The Chattanooga History Center will present its Livingood Award to John Shelton Reed at 5:30pm on April 2 at the Tivoli Theater, in conjunction with the Arts and Education Council’s Conference on Southern Literature. As the award recipient, Reed will deliver the Livingood Lecture, “The Cradle of ‘Cue: Origins of America’s Favorite Slow Food.” There is no admission fee for the lecture, and attendees need not be registered for the Conference on Southern Literature.
John Shelton Reed taught for thirty-one years at the University of North Carolina, where he directed the Howard Odum Institute for Research in Social Science, and helped to found the University's Center for the Study of the American South. A founding coeditor of the quarterly, Southern Cultures, he has received many fellowships and prizes and has been president of the Southern Sociological Society and the Southern Association for Public Opinion Research. He was once a judge at the Memphis in May World Championship Barbecue Cooking Contest, and in 2001, he was elected to the Fellowship of Southern Writers.
John and his wife, Dale, with whom he co-authored Holy Smoke, the inspiration for the lecture, grew up together in Kingsport, Tennessee, but have lived in Chapel Hill since 1969. They have collaborated on two daughters and four books, including 1001 Things Everyone Should Know About the South and Cornbread Nation 4: The Best of Southern Food Writing. They started work on Holy Smoke (without knowing it) in 1962, when they first tasted North Carolina barbecue.

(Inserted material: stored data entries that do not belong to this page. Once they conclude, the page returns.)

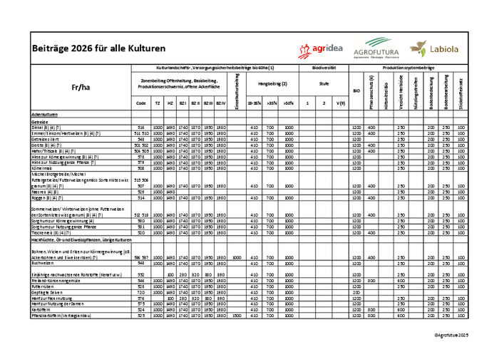 Die von Agridea und Agrofutura erstellte Übersichtstabelle zeigt alle Beiträge für alle Kulturen – klar strukturiert nach Beitragsarten und einfach vergleichbar. Ideal für Planung und Beratung.
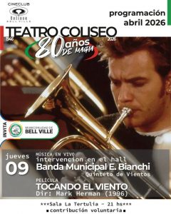 La Banda Municipal Ernesto Alfonso Bianchi tendrá una participación especial este jueves 9 de abril, a las 21:00, en el inicio del ciclo “80 años de magia” organizado por el Cineclub Coliseo en el marco del 80° aniversario del teatro.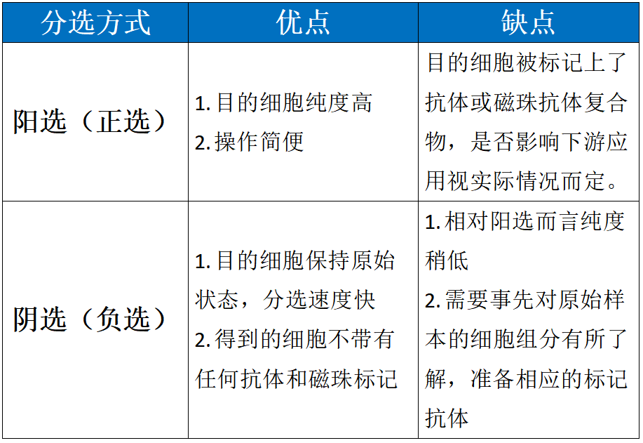 免疫磁珠细胞分选根据所标记细胞的不同大致可分为阳性分选(正选)和阴性分选(负选):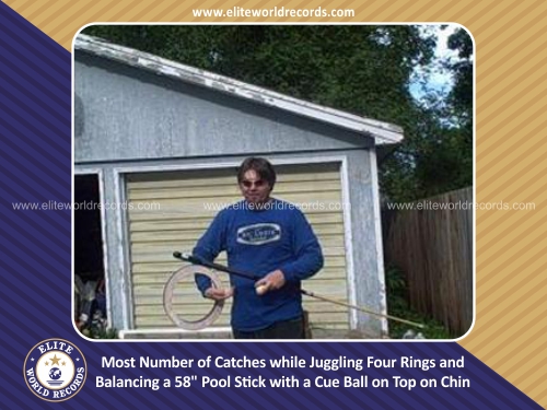 Most Number of Catches while Juggling Four Rings and Balancing a 58" Pool Stick with a Cue Ball on Top on Chin

The Livingood Award has been presented by the Chattanooga History Center every other year since 1987 for “impact on or insight into American history.” Past recipients include C. Vann Woodward, Stephen Ambrose, Jon Meacham, and Wilma Dykeman. The Award is named for Dr. James Livingood, a well-known and well-loved scholar who was a history professor at the University of Tennessee at Chattanooga, and who served as Hamilton County Historian. He was a founder of the History Center, know then as the Chattanooga Regional History Museum, and the author of several books on local history. Dr. Livingood died, in his nineties, in 2005.